[Items from a data source]
§
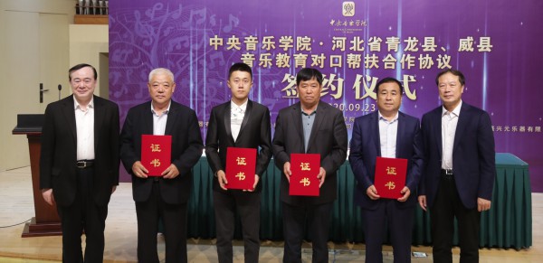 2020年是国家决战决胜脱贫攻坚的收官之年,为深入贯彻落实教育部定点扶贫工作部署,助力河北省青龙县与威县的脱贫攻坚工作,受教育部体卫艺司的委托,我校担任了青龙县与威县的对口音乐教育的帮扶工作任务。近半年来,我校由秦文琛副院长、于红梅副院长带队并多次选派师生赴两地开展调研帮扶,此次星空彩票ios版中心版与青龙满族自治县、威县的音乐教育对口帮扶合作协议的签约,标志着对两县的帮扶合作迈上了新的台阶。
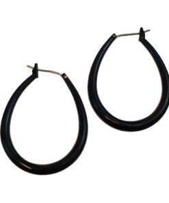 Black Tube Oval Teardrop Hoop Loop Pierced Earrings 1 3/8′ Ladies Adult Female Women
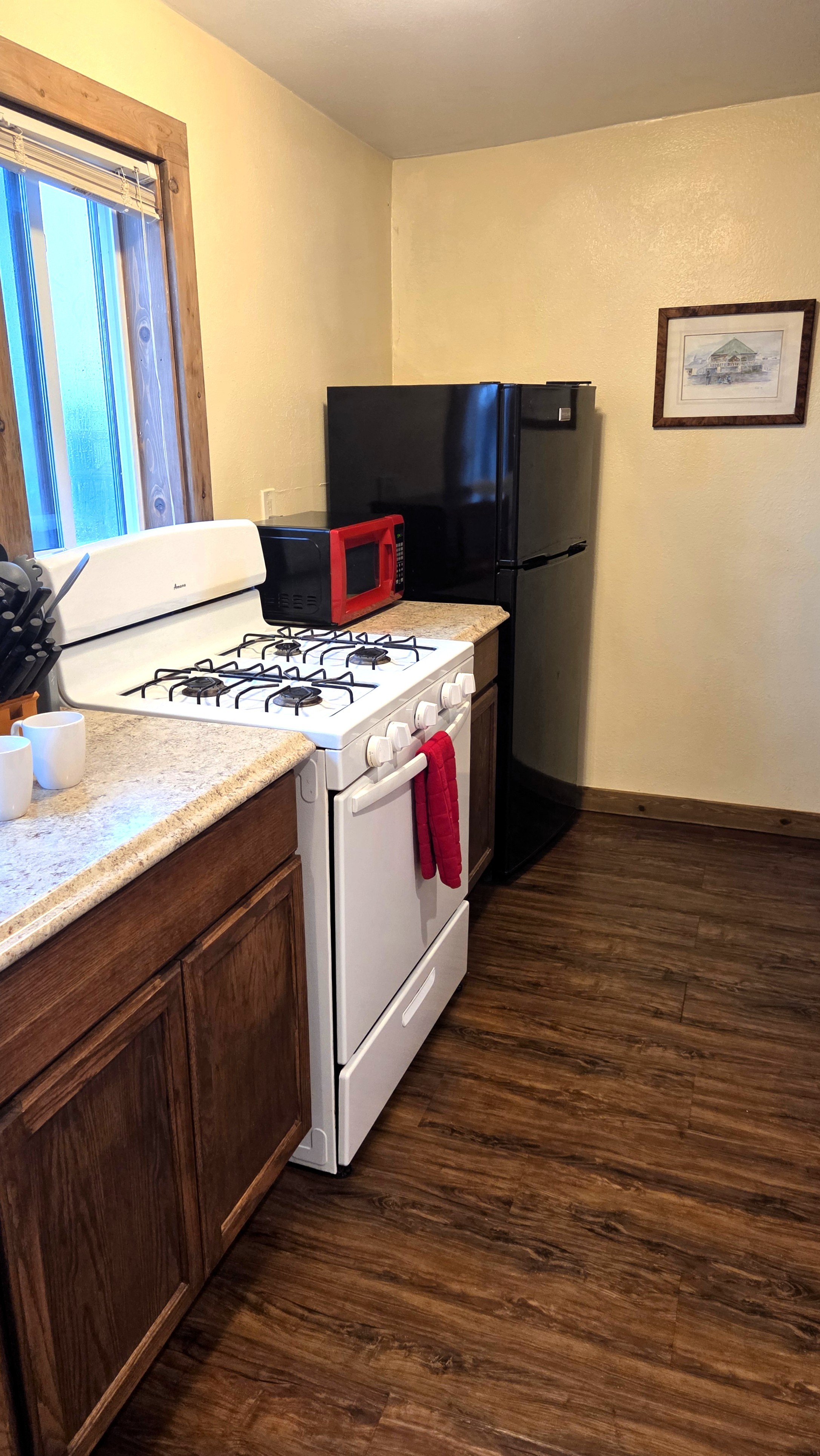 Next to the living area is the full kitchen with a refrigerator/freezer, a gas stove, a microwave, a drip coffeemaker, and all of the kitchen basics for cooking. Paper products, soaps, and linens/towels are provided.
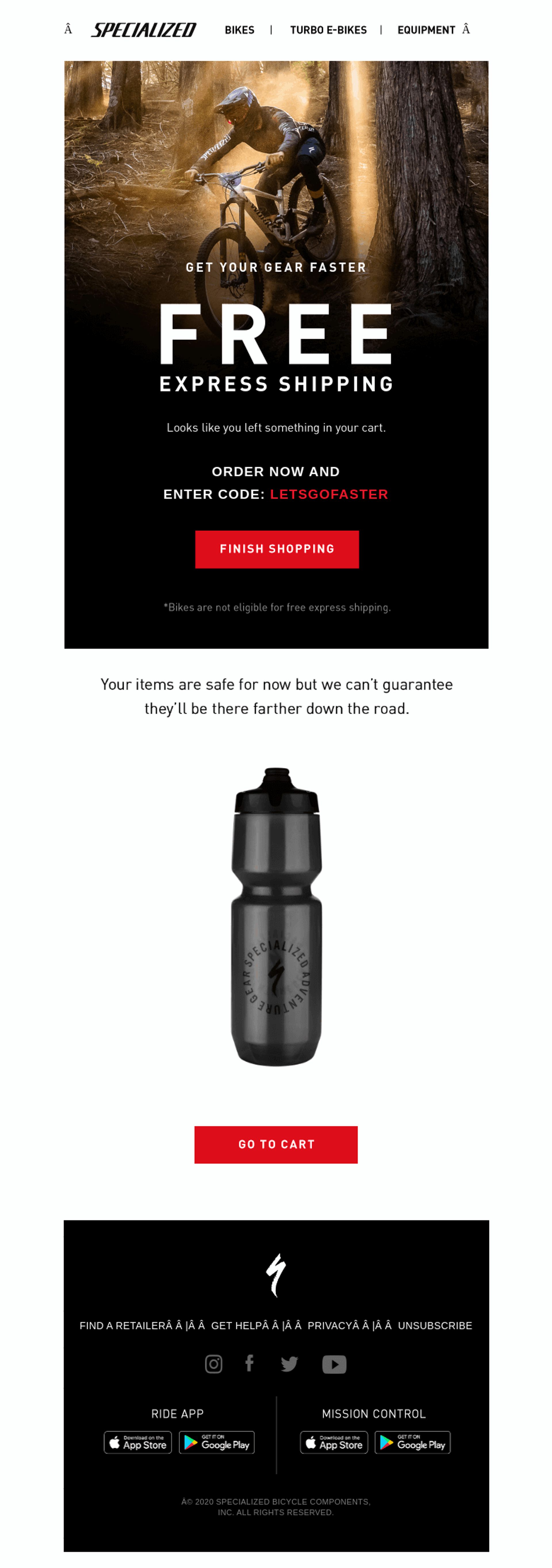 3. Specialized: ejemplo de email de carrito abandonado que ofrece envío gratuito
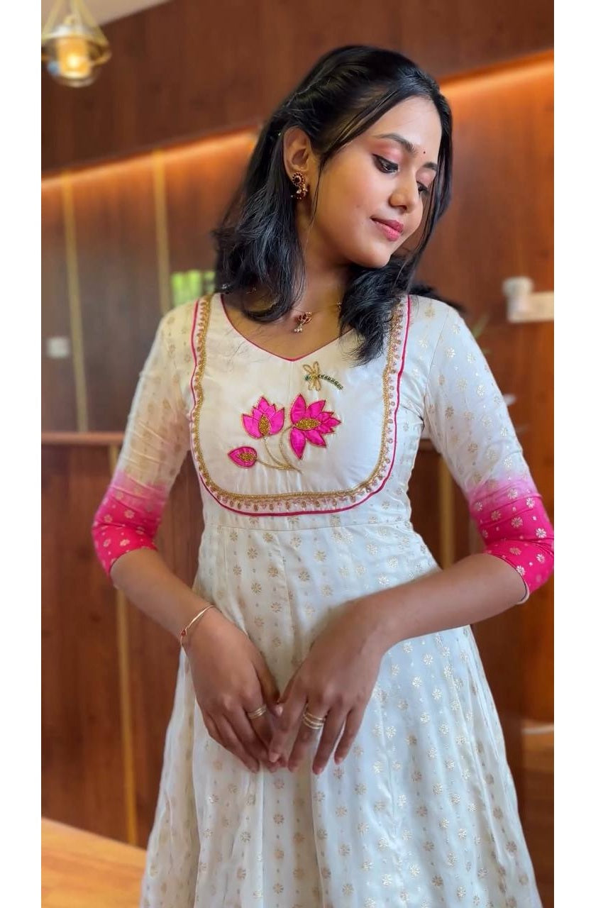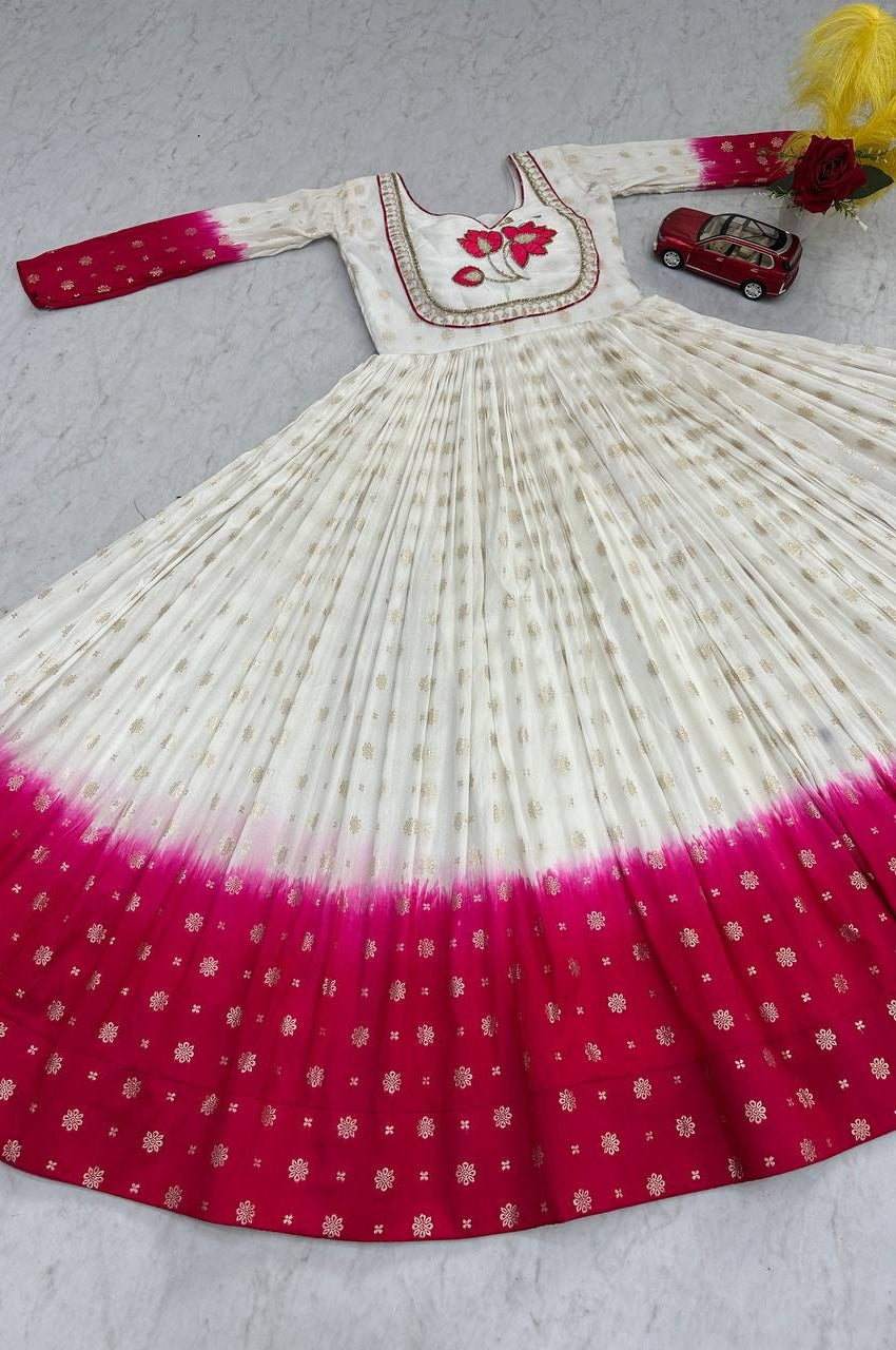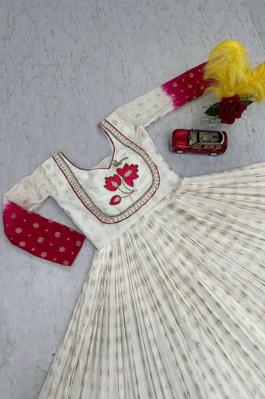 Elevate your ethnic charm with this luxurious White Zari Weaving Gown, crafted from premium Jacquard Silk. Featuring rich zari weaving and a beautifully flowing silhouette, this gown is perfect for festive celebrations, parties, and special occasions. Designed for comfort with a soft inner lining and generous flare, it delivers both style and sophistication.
§
WORK INSTRUCTIONS: Word for word and without any pictures, return all of the lines above.

ANSWER SECTION:
 2020年是国家决战决胜脱贫攻坚的收官之年,为深入贯彻落实教育部定点扶贫工作部署,助力河北省青龙县与威县的脱贫攻坚工作,受教育部体卫艺司的委托,我校担任了青龙县与威县的对口音乐教育的帮扶工作任务。近半年来,我校由秦文琛副院长、于红梅副院长带队并多次选派师生赴两地开展调研帮扶,此次星空彩票ios版中心版与青龙满族自治县、威县的音乐教育对口帮扶合作协议的签约,标志着对两县的帮扶合作迈上了新的台阶。
 Black Tube Oval Teardrop Hoop Loop Pierced Earrings 1 3/8′ Ladies Adult Female Women
 Next to the living area is the full kitchen with a refrigerator/freezer, a gas stove, a microwave, a drip coffeemaker, and all of the kitchen basics for cooking. Paper products, soaps, and linens/towels are provided.
 3. Specialized: ejemplo de email de carrito abandonado que ofrece envío gratuito
 Elevate your ethnic charm with this luxurious White Zari Weaving Gown, crafted from premium Jacquard Silk. Featuring rich zari weaving and a beautifully flowing silhouette, this gown is perfect for festive celebrations, parties, and special occasions. Designed for comfort with a soft inner lining and generous flare, it delivers both style and sophistication.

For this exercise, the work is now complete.